=== DESCRIPTION OF THE TASK ===
Beginning with the line of the entries below that holds "아이의 시선과 포즈를 좀 더 자연스럽게" and ending with the line that holds "J’ai voulu montrer, à", transcribe each line exactly as written. Pictures stay out.

=== INFORMATION SHOWN ===
*** Begin section ***

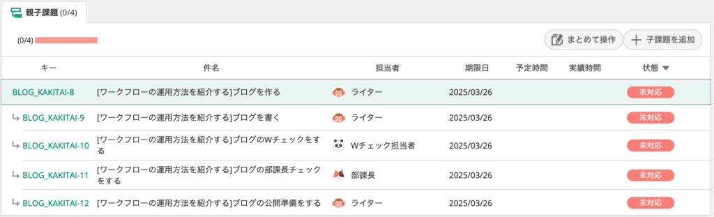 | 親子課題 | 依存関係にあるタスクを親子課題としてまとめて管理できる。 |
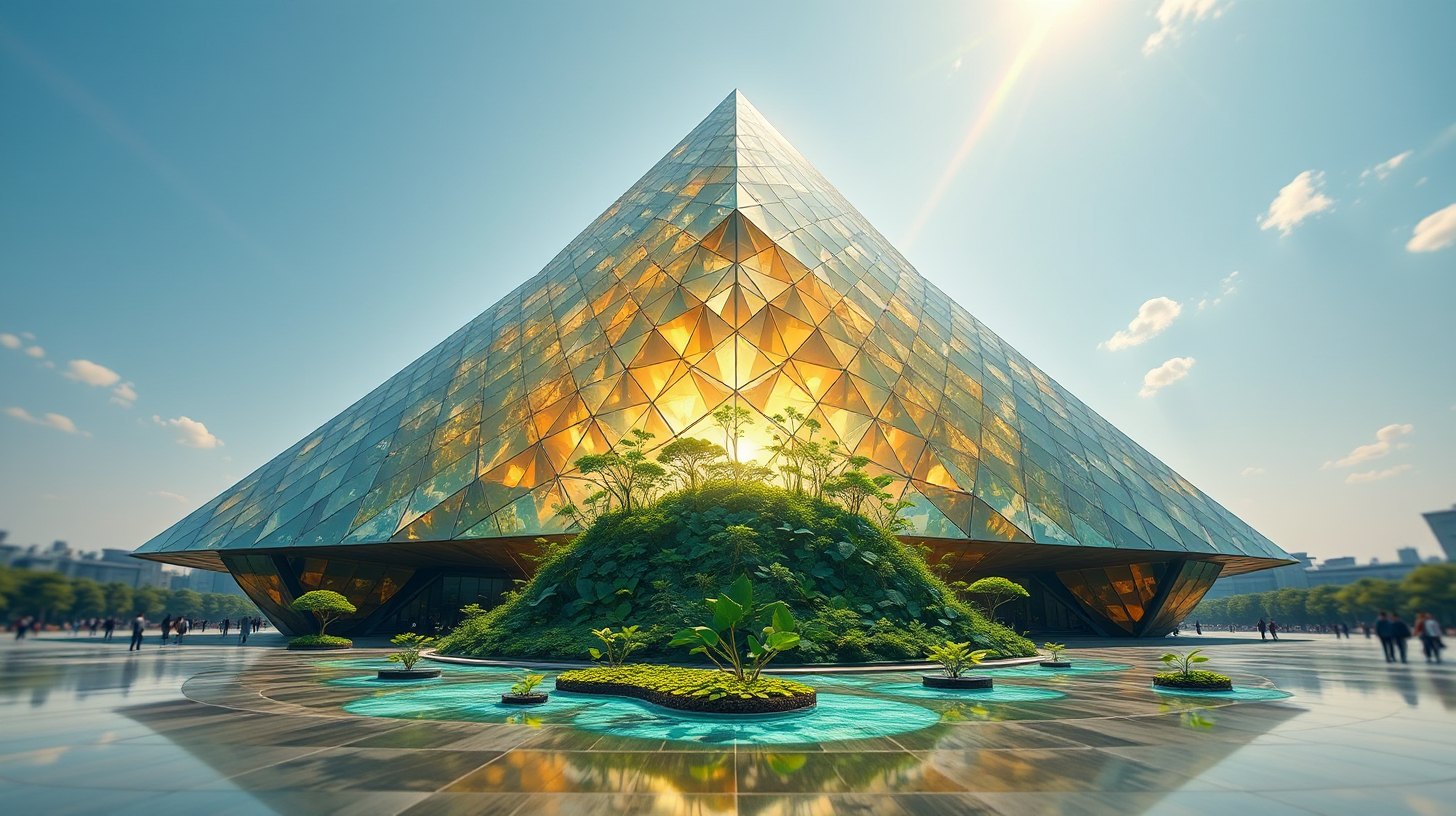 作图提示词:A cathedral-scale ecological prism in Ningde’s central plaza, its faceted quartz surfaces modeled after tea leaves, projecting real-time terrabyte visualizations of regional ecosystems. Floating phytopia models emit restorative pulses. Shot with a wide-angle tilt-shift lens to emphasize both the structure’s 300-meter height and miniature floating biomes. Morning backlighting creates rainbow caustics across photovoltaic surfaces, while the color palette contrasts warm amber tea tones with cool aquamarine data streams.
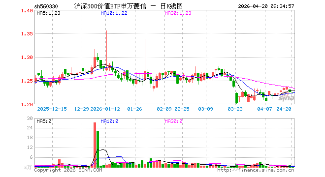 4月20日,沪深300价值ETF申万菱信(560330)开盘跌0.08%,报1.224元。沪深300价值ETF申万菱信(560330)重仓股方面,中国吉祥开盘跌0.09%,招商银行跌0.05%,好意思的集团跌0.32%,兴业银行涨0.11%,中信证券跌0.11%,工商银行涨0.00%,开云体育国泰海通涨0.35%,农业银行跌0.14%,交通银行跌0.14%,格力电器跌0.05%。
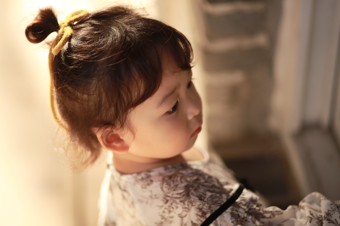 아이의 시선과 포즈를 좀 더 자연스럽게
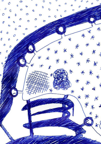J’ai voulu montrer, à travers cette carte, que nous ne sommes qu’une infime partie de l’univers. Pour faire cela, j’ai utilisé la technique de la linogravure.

*** End section ***
*** Begin section ***

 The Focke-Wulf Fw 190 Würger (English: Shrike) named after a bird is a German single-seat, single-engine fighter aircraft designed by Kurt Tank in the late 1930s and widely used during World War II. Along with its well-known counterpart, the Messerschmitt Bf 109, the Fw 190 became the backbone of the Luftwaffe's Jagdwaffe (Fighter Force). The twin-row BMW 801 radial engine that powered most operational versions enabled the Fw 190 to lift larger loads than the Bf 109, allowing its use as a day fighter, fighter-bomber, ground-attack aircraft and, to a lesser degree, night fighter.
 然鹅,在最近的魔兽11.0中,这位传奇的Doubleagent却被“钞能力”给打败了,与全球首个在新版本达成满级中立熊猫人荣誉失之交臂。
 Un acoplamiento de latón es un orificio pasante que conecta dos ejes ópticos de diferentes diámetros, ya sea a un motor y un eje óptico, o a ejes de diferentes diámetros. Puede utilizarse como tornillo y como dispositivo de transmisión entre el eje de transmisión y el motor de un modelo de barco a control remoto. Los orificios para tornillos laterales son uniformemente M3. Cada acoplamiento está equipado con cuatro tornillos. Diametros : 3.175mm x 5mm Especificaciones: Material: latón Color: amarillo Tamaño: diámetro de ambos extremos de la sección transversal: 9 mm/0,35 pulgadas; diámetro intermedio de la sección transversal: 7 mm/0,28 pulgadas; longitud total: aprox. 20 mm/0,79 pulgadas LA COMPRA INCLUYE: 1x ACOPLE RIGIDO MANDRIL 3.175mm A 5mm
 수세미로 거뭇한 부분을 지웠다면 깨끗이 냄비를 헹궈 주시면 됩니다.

*** End section ***
*** Begin section ***

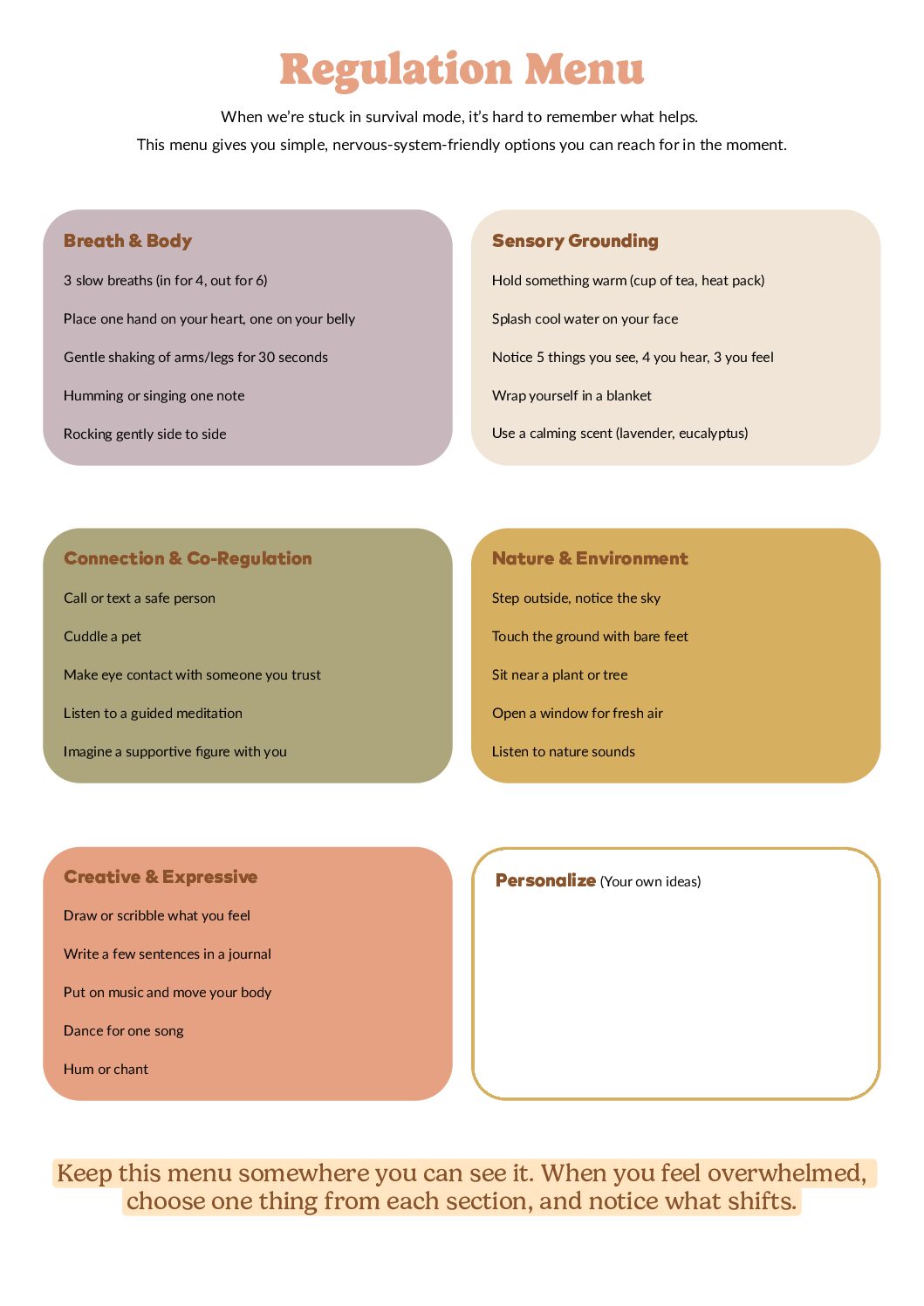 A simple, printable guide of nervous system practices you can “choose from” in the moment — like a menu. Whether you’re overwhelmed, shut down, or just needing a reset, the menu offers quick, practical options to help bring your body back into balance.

*** End section ***

=== REPLY TO THE EXERCISE ===
 아이의 시선과 포즈를 좀 더 자연스럽게
J’ai voulu montrer, à travers cette carte, que nous ne sommes qu’une infime partie de l’univers. Pour faire cela, j’ai utilisé la technique de la linogravure.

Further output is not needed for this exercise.